Women's Place in the University, Revisited
In 1969, Katharine Graham (A.B. '38) became the first women elected to the Board of Trustees. Nine years later, the University appointed Professor of History Hanna Holborn Gray its tenth president, making her the first woman to serve as president of a major research university in the United States. Concerns about women's place in the University did not subside in the wake of these appointments, however. While some women made the case that University policies disadvantaged women, others were concerned that special consideration for women could interfere with the free marketplace of ideas.
Federal policy including Roe v. Wade and Title IX of the Education Amendments of 1972 established new rights for women in sports, education, and bodily autonomy. A group of Hyde Park women established the Rape Action Group Hotline in 1973, a University Women's Center opened its doors in 1974, and feminist groups on campus multiplied, along with a host of feminist student publications.

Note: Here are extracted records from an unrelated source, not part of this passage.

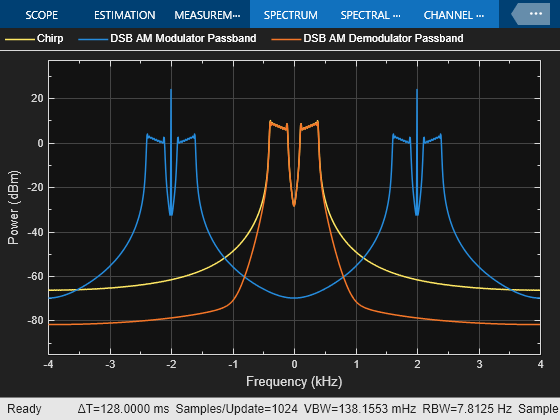 Plot the input signal, the modulated sidebands, and the demodulated signal by using a spectrum analyzer.
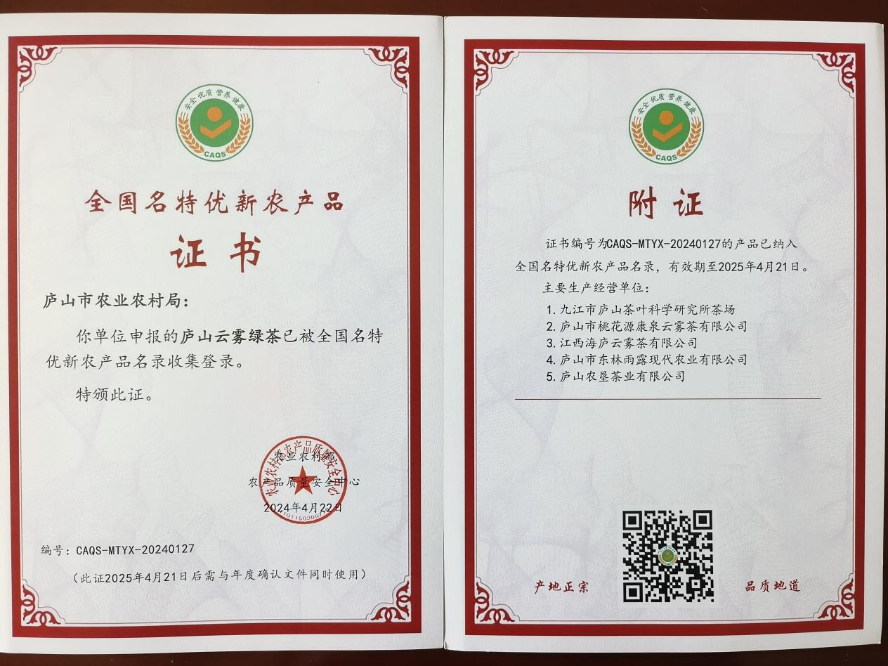 2024年4月“庐山牌”庐山云雾茶及”庐山红“红茶荣获全国名特优农产品称号;
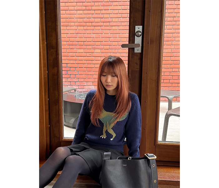 幾田りらは紺色のニットにミニ丈スカート、黒タイツを合わせたコーデで
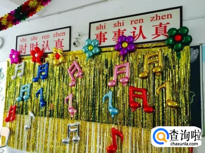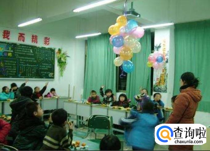 可以使用最简单易得的装饰品,想气球,彩带。将气球绑成一团粘在教室里面,也可以在气球里面充面氢气,这样气球就可以飘在屋顶上面。这时可以将彩带绑在气球尾部,飘起来也是非常好看。
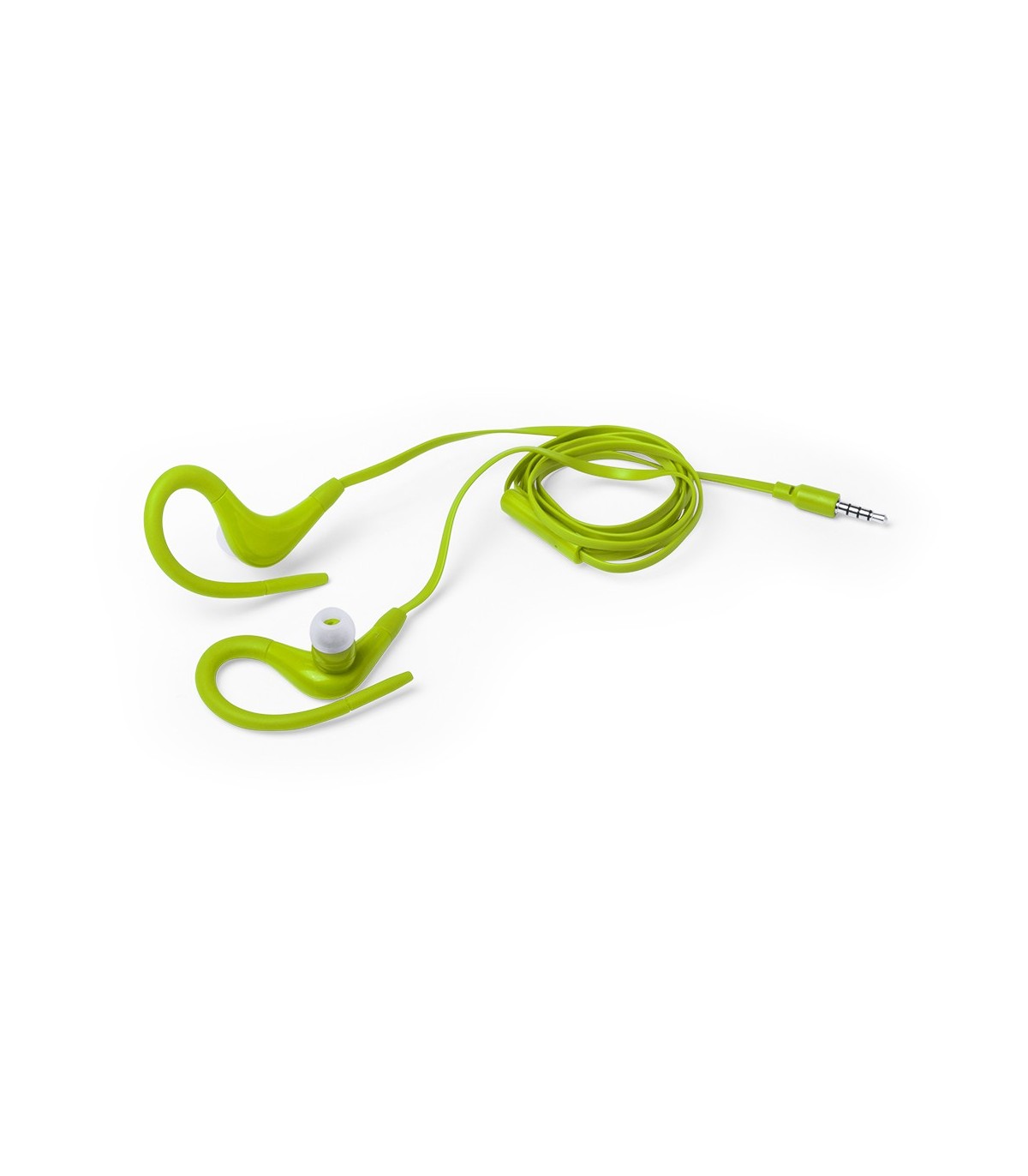 Confortables auriculares deportivos intraurales de desenfadado diseño, conexión jack de 3,5mm y cable en color a juego. Presentados en atractiva caja de diseño.

At the same time, many students and faculty felt that still more work remained to fully incorporate women and feminist theory into the curriculum, the classroom and the faculty-particularly when many other U.S. colleges and research universities had already committed to fostering scholarship and supporting research institutes in the growing field of women's and gender studies.
After a decade of campus organizing in the 1980s, faculty in the Humanities and Social Sciences Divisions-led by Leora Auslander (History), Lauren Berlant (English), and Elizabeth Helsinger (English and Art History)-established the Center for Gender Studies (CGS) in 1996. In its first year, CGS boasted fifty-five affiliated faculty members and outlined ambitious plans for curriculum, programming and fundraising. In 1997, the College approved the undergraduate concentration in Gender Studies.